▸ **AIM OF THE EXERCISE**
Once you reach the line with "On Tuesday, 07" in the material below, copy each line exactly up to and including the line with "太陽能庭院燈粗條紋喇叭款小區園林廣場鋁制歐式景觀庭院燈批發", and skip the pictures.

▸ **RECORDS**
***
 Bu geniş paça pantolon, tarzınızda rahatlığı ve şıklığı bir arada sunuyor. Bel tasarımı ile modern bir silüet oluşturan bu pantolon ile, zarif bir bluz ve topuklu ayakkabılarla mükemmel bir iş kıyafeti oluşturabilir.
***
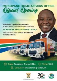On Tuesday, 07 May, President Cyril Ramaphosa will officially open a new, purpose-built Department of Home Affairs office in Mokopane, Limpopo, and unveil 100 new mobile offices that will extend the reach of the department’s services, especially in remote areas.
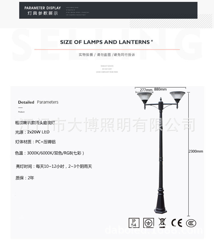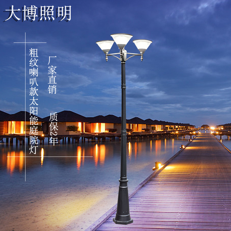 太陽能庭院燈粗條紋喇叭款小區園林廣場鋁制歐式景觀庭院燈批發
***
▸ **EXERCISE OUTPUT**
On Tuesday, 07 May, President Cyril Ramaphosa will officially open a new, purpose-built Department of Home Affairs office in Mokopane, Limpopo, and unveil 100 new mobile offices that will extend the reach of the department’s services, especially in remote areas.
 太陽能庭院燈粗條紋喇叭款小區園林廣場鋁制歐式景觀庭院燈批發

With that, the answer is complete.